**Problem**
Repeat every record below exactly, but leave out any pictures.

**Dataset content**
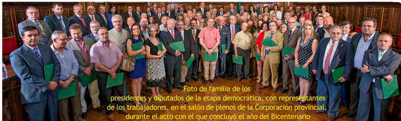
Foto de familia de los presidentes y diputados de la etapa democrática, con representantes de los trabajadores, en el salón de plenos de la Corporación provincial, durante el acto con el que concluyó el año del Bicentenario

Reyes: "Es justo celebrar el Día del Bicentenario con un homenaje a los diputados y diputadas de la época democrática y cómo no, a los trabajadores y trabajadoras de esta casa, que son el pilar en el que se apoya la Administración provincial para funcionar y llevar a cabo sus objetivos".
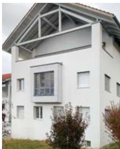
■ Auf der Südseite erhalten die Wohnungen eine Loggia als Terrasse.

Mit den Bauarbeiten soll Mitte März 2023 begonnen werden und dauern bis Ende November 2023. Die Wohnungen werden im Sommer zur Vermietung ausgeschrieben und sind per Ende 2023 bezugsbereit.
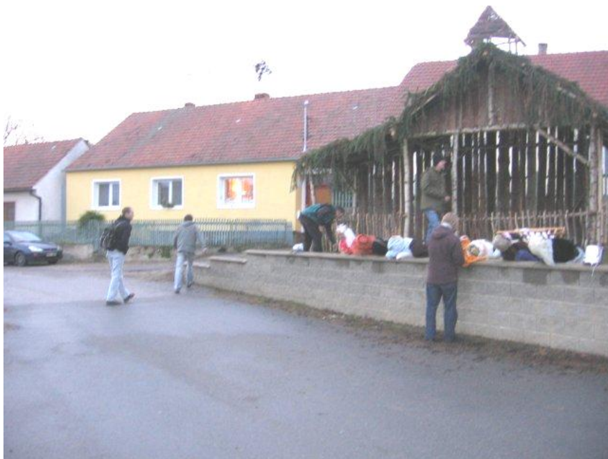
Nahoře: Stavba betlému (prosinec 2011) Dole: Rozsvícení vánočního stromku (prosinec 2012)
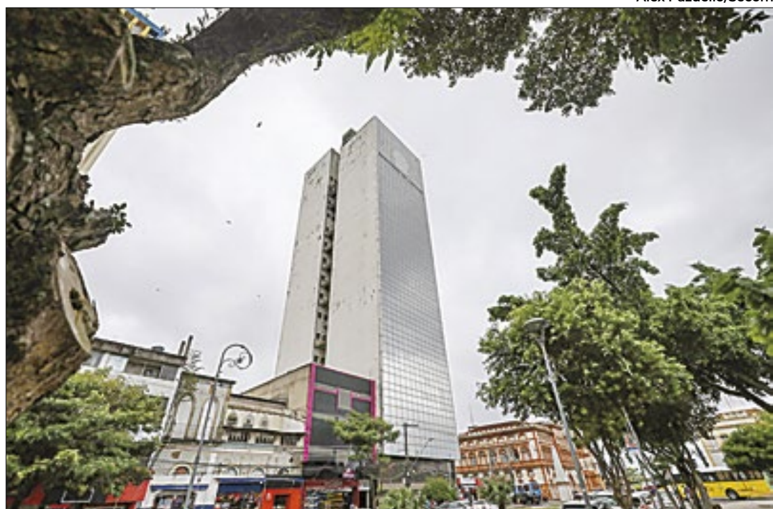
Complexo tem capacidade para até 85 famílias, podendo ser expandida para 128
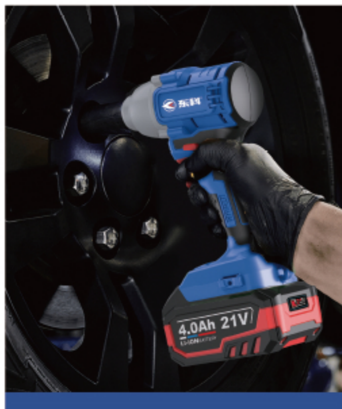
KBL2103-300 无刷锂电冲击扳手(AK47-2) Brushless lithium impact wrench
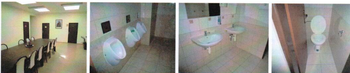
Vnútročné priestory v 2.NP časti „F“ – chodba, sociálne zariadenia
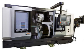
Okuma LU3000 + robot Draaibank
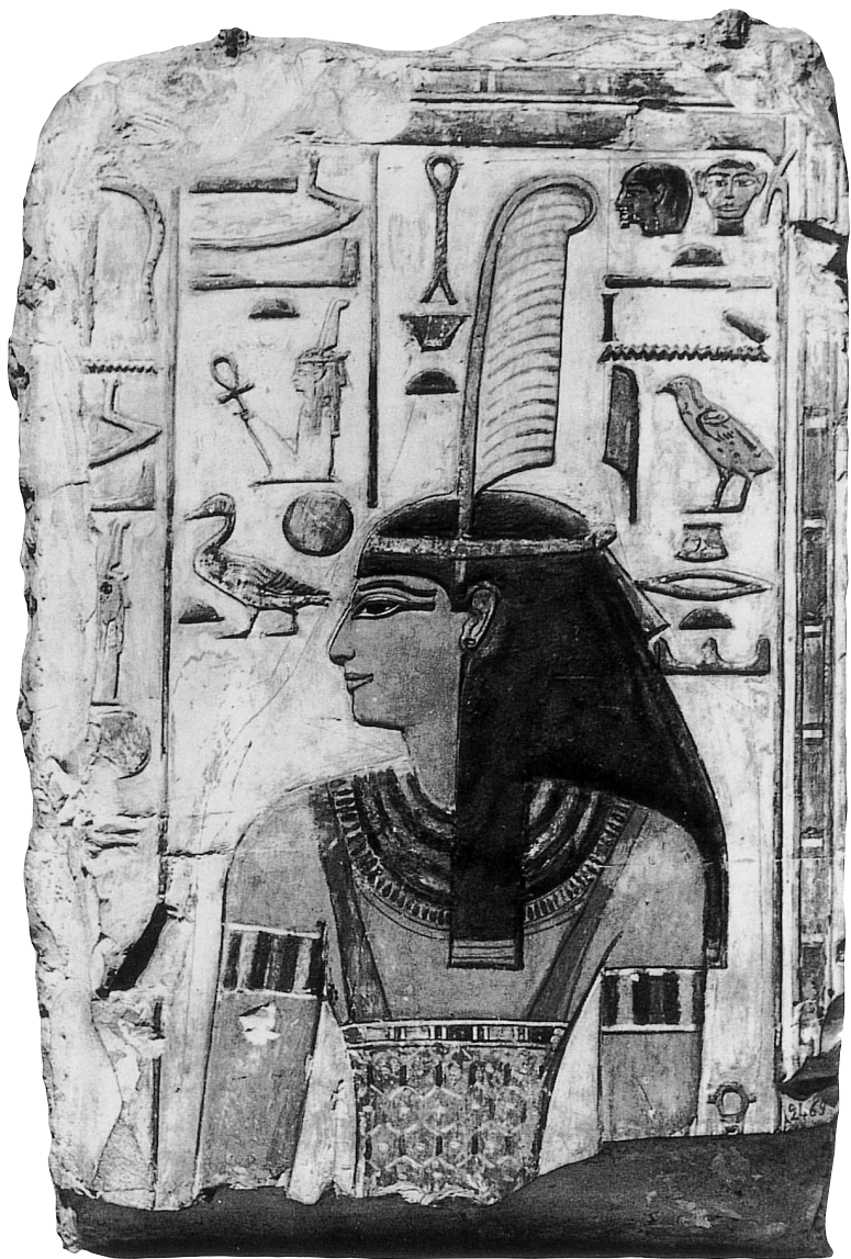
Die Göttin Ma'at, Relief aus dem Grab Sethos' I. (19. Dyn., um 1300 v. Chr.)
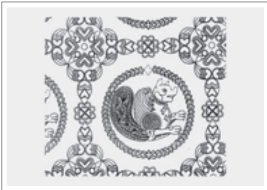
تصویر ۵: جزئیات نقش سیمرغ بر شلوار شاه سوار بر اسب در زیر زره (ریاضی، ۱۳۸۲، ۱۴۵)

لباس شاه دارای یک جفت سیمرغ متقارن بزرگ است که به نظر می‌رسد این سیمرغ‌ها روی نقوش گل چهارپری گلدوزی شده باشند. (تصویر ۳) در صحنه دوم خسرو پرویز سوار بر اسب خود، شب‌دیز است و نقش سیمرغ از زیر زره او پیداست. (تصویر ۴) با مقایسه طرح سیمرغ قلبی و طرح سیمرغ شلوار در می‌یابیم که نقش سیمرغ‌های شلوار شاه ظریف‌تر و پیچیده‌تر از نقش اول است. نقش سیمرغ بر روی
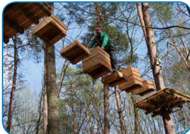
Pustolovski park je napravljeni v lesi pri Bukovniškon jezeri

zidanico, stera ma ime Martinova klejt, prenaüvili, tak ka jo zdaj vödavamo tüdi turistom. V apartmaji je mesto, ka leko v njem prespi devet lüdi. No in za naše goste mi pripravlamo tüdi degustacije vina. Avstrijci ali Nenci pousüjoga sploj neškejo
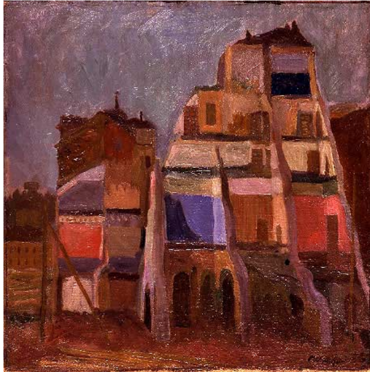
1. M. Mafai, Demolizioni di Via Giulia , 1936
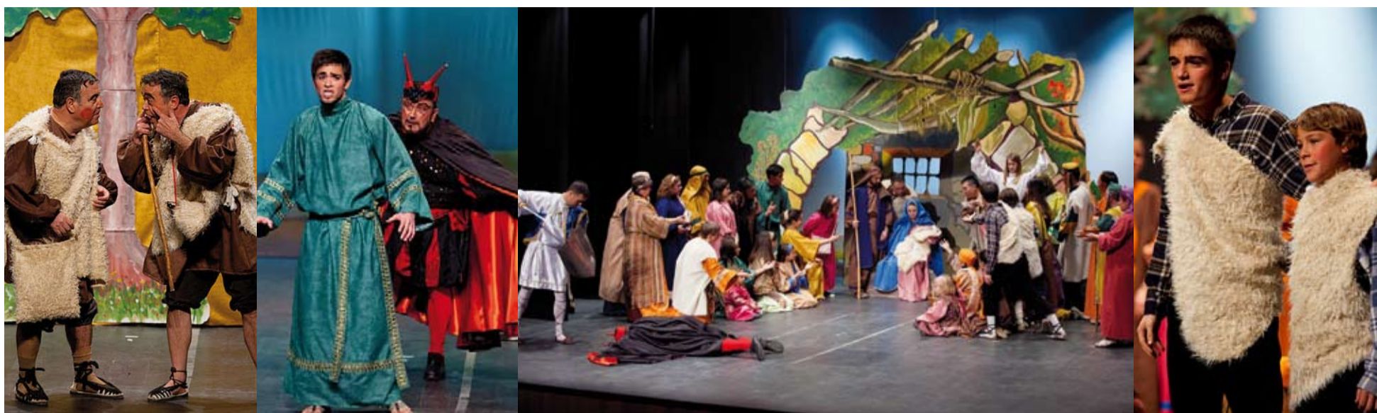
Al nou Casal, s'ha presentat una versió dirigida per Artur Fargas dels tradicionals Pastorets, amb la col·laboració de més de 150 persones

**Answer to the exercise**
Foto de familia de los presidentes y diputados de la etapa democrática, con representantes de los trabajadores, en el salón de plenos de la Corporación provincial, durante el acto con el que concluyó el año del Bicentenario

Reyes: "Es justo celebrar el Día del Bicentenario con un homenaje a los diputados y diputadas de la época democrática y cómo no, a los trabajadores y trabajadoras de esta casa, que son el pilar en el que se apoya la Administración provincial para funcionar y llevar a cabo sus objetivos".
■ Auf der Südseite erhalten die Wohnungen eine Loggia als Terrasse.

Mit den Bauarbeiten soll Mitte März 2023 begonnen werden und dauern bis Ende November 2023. Die Wohnungen werden im Sommer zur Vermietung ausgeschrieben und sind per Ende 2023 bezugsbereit.
Nahoře: Stavba betlému (prosinec 2011) Dole: Rozsvícení vánočního stromku (prosinec 2012)
Complexo tem capacidade para até 85 famílias, podendo ser expandida para 128
KBL2103-300 无刷锂电冲击扳手(AK47-2) Brushless lithium impact wrench
Vnútročné priestory v 2.NP časti „F“ – chodba, sociálne zariadenia
Okuma LU3000 + robot Draaibank
Die Göttin Ma'at, Relief aus dem Grab Sethos' I. (19. Dyn., um 1300 v. Chr.)
تصویر ۵: جزئیات نقش سیمرغ بر شلوار شاه سوار بر اسب در زیر زره (ریاضی، ۱۳۸۲، ۱۴۵)

لباس شاه دارای یک جفت سیمرغ متقارن بزرگ است که به نظر می‌رسد این سیمرغ‌ها روی نقوش گل چهارپری گلدوزی شده باشند. (تصویر ۳) در صحنه دوم خسرو پرویز سوار بر اسب خود، شب‌دیز است و نقش سیمرغ از زیر زره او پیداست. (تصویر ۴) با مقایسه طرح سیمرغ قلبی و طرح سیمرغ شلوار در می‌یابیم که نقش سیمرغ‌های شلوار شاه ظریف‌تر و پیچیده‌تر از نقش اول است. نقش سیمرغ بر روی
Pustolovski park je napravljeni v lesi pri Bukovniškon jezeri

zidanico, stera ma ime Martinova klejt, prenaüvili, tak ka jo zdaj vödavamo tüdi turistom. V apartmaji je mesto, ka leko v njem prespi devet lüdi. No in za naše goste mi pripravlamo tüdi degustacije vina. Avstrijci ali Nenci pousüjoga sploj neškejo
1. M. Mafai, Demolizioni di Via Giulia , 1936
Al nou Casal, s'ha presentat una versió dirigida per Artur Fargas dels tradicionals Pastorets, amb la col·laboració de més de 150 persones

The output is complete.